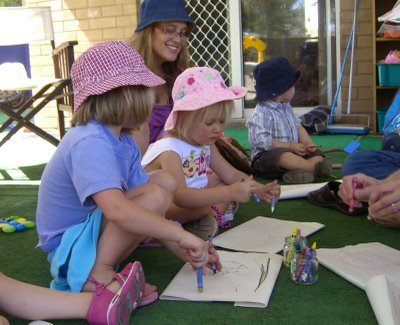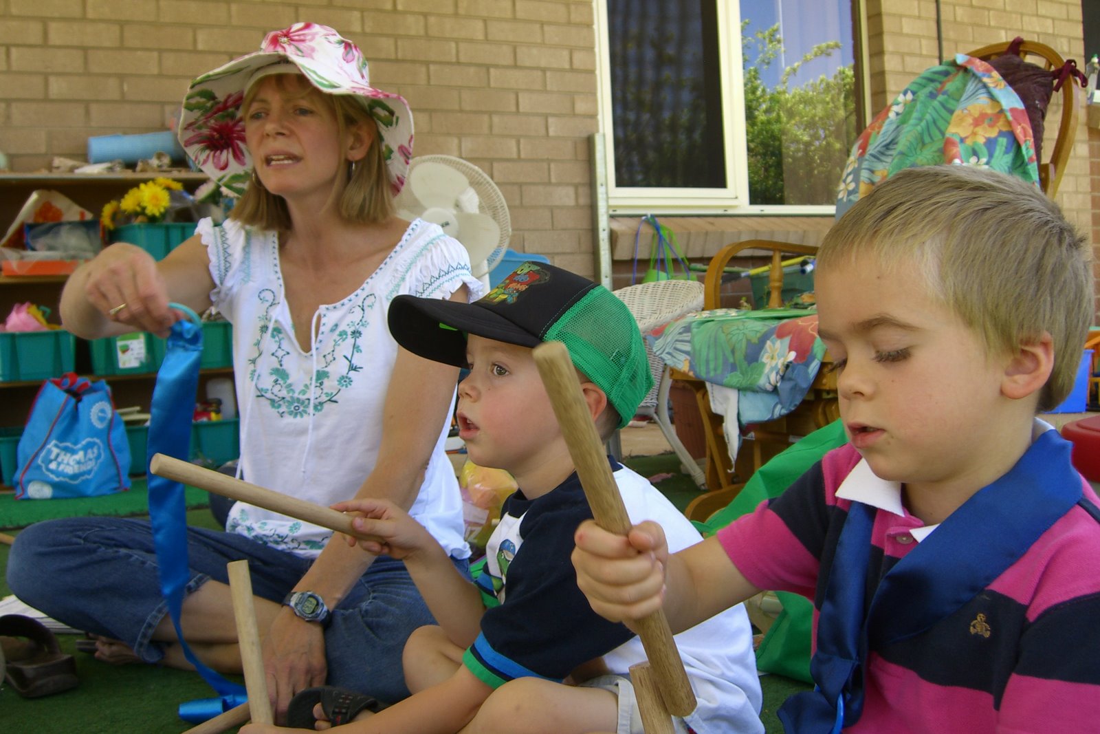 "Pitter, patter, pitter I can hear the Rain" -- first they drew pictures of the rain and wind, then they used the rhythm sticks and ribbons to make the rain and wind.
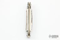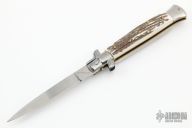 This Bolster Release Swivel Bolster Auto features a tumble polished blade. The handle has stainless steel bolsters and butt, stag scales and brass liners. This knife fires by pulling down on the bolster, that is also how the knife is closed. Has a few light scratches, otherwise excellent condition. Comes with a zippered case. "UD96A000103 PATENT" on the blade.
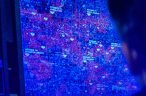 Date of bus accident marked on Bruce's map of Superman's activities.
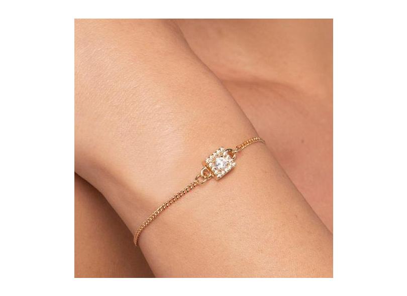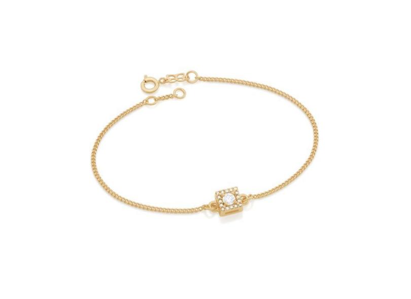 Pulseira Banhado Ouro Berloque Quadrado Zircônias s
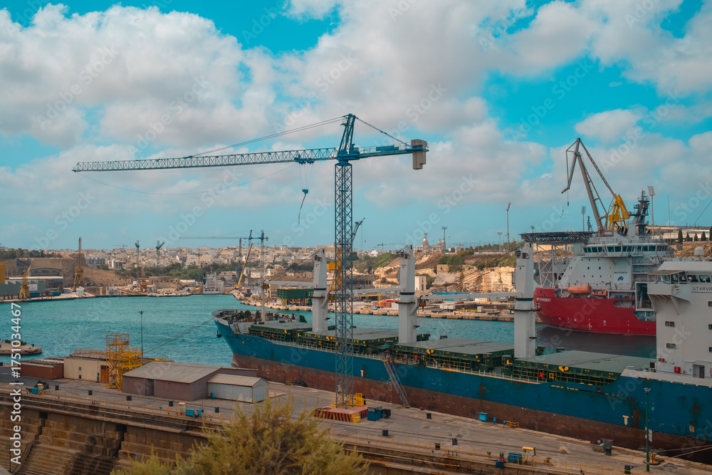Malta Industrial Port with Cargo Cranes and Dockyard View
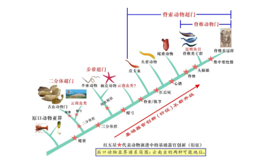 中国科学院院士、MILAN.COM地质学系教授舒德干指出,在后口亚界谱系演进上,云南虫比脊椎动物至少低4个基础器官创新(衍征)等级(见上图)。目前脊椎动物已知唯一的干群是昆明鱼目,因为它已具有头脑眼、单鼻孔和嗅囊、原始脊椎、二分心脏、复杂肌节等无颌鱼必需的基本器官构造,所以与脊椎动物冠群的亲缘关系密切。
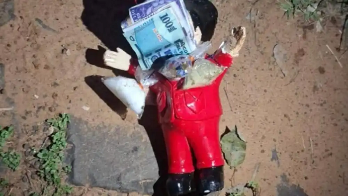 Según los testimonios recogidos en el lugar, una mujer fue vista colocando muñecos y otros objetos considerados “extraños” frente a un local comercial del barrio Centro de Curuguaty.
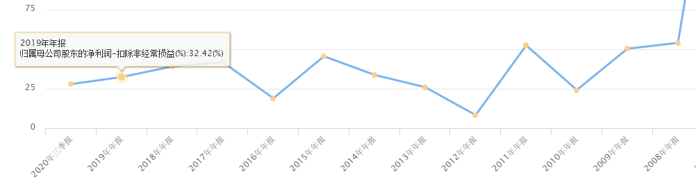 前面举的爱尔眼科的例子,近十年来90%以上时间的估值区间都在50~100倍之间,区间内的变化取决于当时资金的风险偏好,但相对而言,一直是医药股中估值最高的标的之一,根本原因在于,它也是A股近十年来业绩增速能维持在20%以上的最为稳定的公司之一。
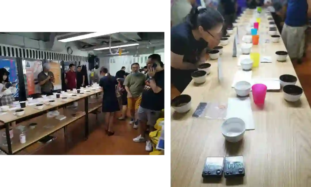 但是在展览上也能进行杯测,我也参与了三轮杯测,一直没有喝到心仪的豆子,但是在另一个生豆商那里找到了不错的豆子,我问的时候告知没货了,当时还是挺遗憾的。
####################
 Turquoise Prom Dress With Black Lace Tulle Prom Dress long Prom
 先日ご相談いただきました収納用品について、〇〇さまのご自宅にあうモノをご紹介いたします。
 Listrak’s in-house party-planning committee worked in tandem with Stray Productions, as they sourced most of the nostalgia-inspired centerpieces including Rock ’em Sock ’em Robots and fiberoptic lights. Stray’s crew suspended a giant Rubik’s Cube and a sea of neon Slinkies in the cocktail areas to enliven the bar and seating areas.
####################
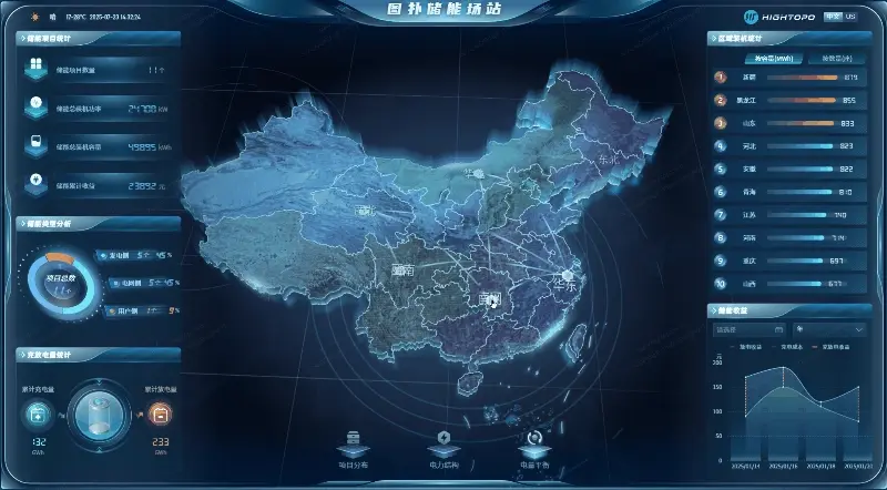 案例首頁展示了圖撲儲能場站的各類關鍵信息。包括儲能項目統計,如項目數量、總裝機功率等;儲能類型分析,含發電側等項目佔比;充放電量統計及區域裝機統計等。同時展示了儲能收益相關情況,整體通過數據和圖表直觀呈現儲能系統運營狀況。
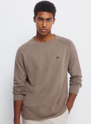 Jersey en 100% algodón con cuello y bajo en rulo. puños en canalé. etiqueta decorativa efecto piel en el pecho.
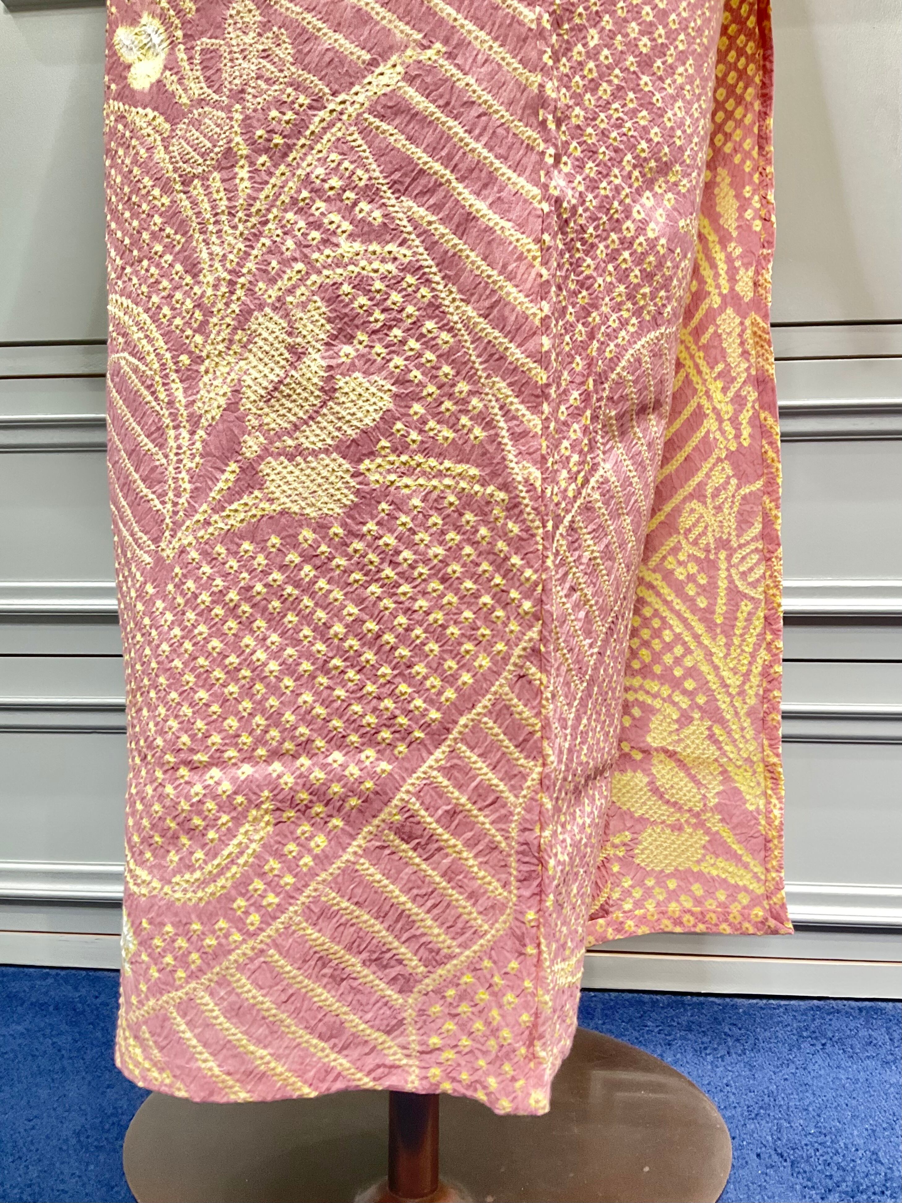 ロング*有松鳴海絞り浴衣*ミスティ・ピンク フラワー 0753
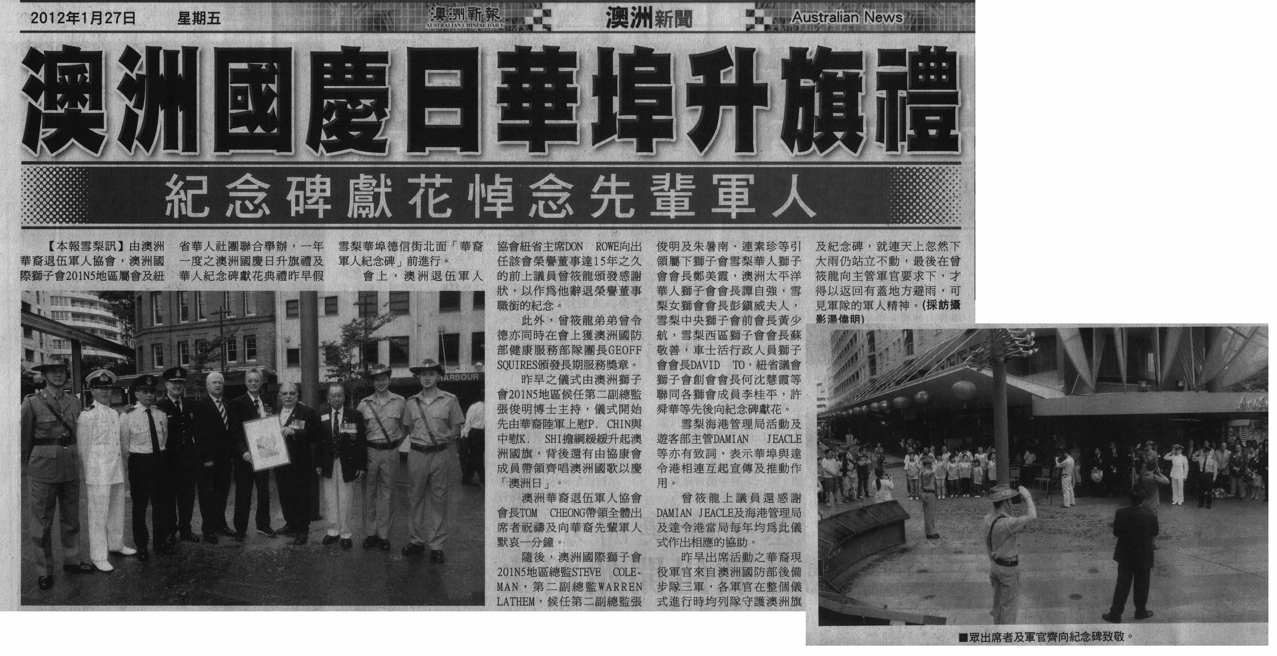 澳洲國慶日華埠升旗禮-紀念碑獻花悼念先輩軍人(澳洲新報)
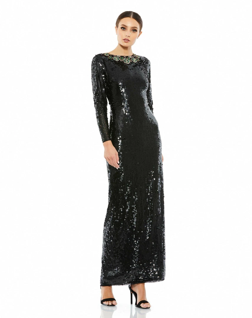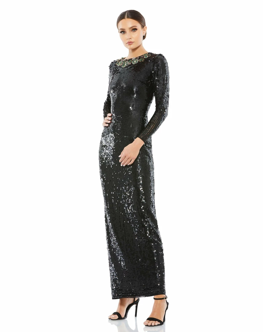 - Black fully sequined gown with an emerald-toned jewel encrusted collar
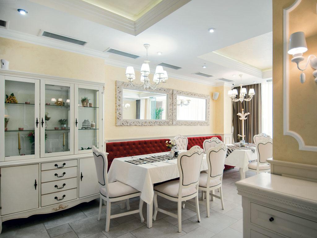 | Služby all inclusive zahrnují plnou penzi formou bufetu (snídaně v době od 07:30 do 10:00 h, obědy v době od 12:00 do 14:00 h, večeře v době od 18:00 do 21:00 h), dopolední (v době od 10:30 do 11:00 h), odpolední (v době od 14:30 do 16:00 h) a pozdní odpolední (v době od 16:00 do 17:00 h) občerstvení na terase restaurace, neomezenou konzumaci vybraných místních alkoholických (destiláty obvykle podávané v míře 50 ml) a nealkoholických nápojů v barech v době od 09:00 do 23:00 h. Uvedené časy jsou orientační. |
####################
What you need to do => Go down the entries above from the line containing "rain and wind." to the line containing "Date of bus" and write out each line exactly, leaving pictures out.

Written response =>
 "Pitter, patter, pitter I can hear the Rain" -- first they drew pictures of the rain and wind, then they used the rhythm sticks and ribbons to make the rain and wind.
 This Bolster Release Swivel Bolster Auto features a tumble polished blade. The handle has stainless steel bolsters and butt, stag scales and brass liners. This knife fires by pulling down on the bolster, that is also how the knife is closed. Has a few light scratches, otherwise excellent condition. Comes with a zippered case. "UD96A000103 PATENT" on the blade.
 Date of bus accident marked on Bruce's map of Superman's activities.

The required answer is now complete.